Monday Morning Montaigne: Of three kinds of association

Of three kinds of association (pp. 753-764) could be subtitled, “These are a few of my favorite things.” Montaigne starts out this one by telling us to flexible. It’s the first thing I told my associate editor after hiring her, and it’s also the lesson I tried to impart to a gathering of undergrads at my alma mater back in 2002. As M. put it, “We must not nail ourselves down so firmly to our humors and dispositions. Our principal talent is the ability to apply ourselves to various practices. It is existing, but not living, to keep ourselves bound and obliged by necessity to a single course.”

Back in my little speech at Hampshire College, I told the kids, “Learn how to learn. Because I guarantee that if you study one narrowly specialized field, you’ll come to hate it within five years of graduation and you’ll wish you could branch out into another field.”

But that’s just the intro to the essay. As I said, this one’s about the things M. loves most in life. I enjoyed the heck out of this one because I’m pretty sure I’d have written the exact same thing, if I were living well in an era that didn’t have basketball or comics.

The first of  M.’s faves is “rare and exquisite” friendship, consisting of conversation in its various forms. These conversations don’t have to be lofty. He tells us:

In our talks all subjects are alike to me. I do not care if there is neither weight nor depth in them; charm and pertinency are always there; everything is imbued with mature and constant good sense, and mingled with kindliness, frankness, gaiety and friendship.

(In fact, he digresses to warn against speaking too learnedly: “[Learned men] quote Plato and Sain Thomas in matters where the first comer would make as good a witness.” Which is to say, know your audience.)

The second of M.’s faves is “beautiful and well-bred women.” Rather than fill this section with personal anecdotes, he writes more about the need to Treat Her Right and not think solely with your Spitzer. Still, he tells us,

[I]f beauty of [the mind or the body] had necessarily to be lacking, I would have chosen sooner to give up the mental. It has its use in better things; but in the matter of love, a matter which is chiefly concerned with sight and touch, you can do something without the graces of the mind, bothing without the graces of the body.

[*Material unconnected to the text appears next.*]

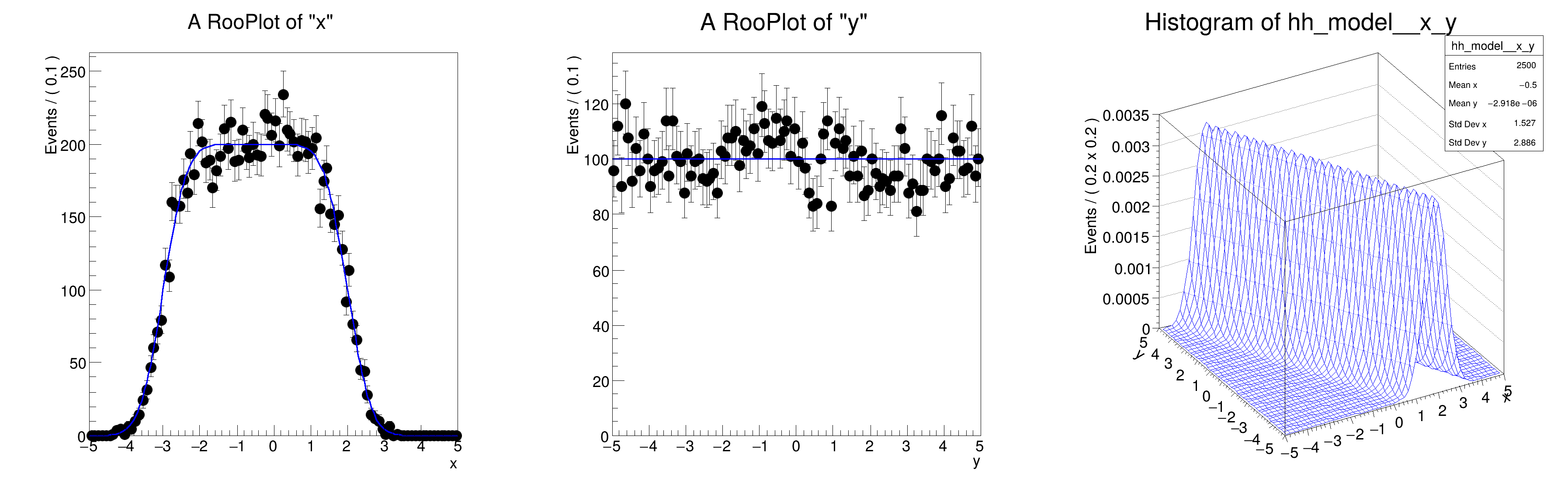 [#1] INFO:Plotting -- RooAbsReal::plotOn(model) plot on x integrates over variables (y)

And this leads us to M.’s favorite association. Friendship is “annoying by its rarity,” while love “withers with age,” so neither of them suffice. And that brings us to M.’s  association with books. I thought about paraphrasing his thoughts on his lifelong love of books, but I was so moved by his description of his library that I decided to transcribe that and offer it up.

When at home, I turn aside a little more often to my library, from which at one sweep I command view of my household. I am over the entrance, and see below me my garden, my farmyard, my courtyard, and into most of the parts of my house. There I leaf through now one book, now another, without order and without plan, by disconnected fragments. One moment I muse, another moment I set down or dictate, walking back and forth, these fancies of mine that you see here.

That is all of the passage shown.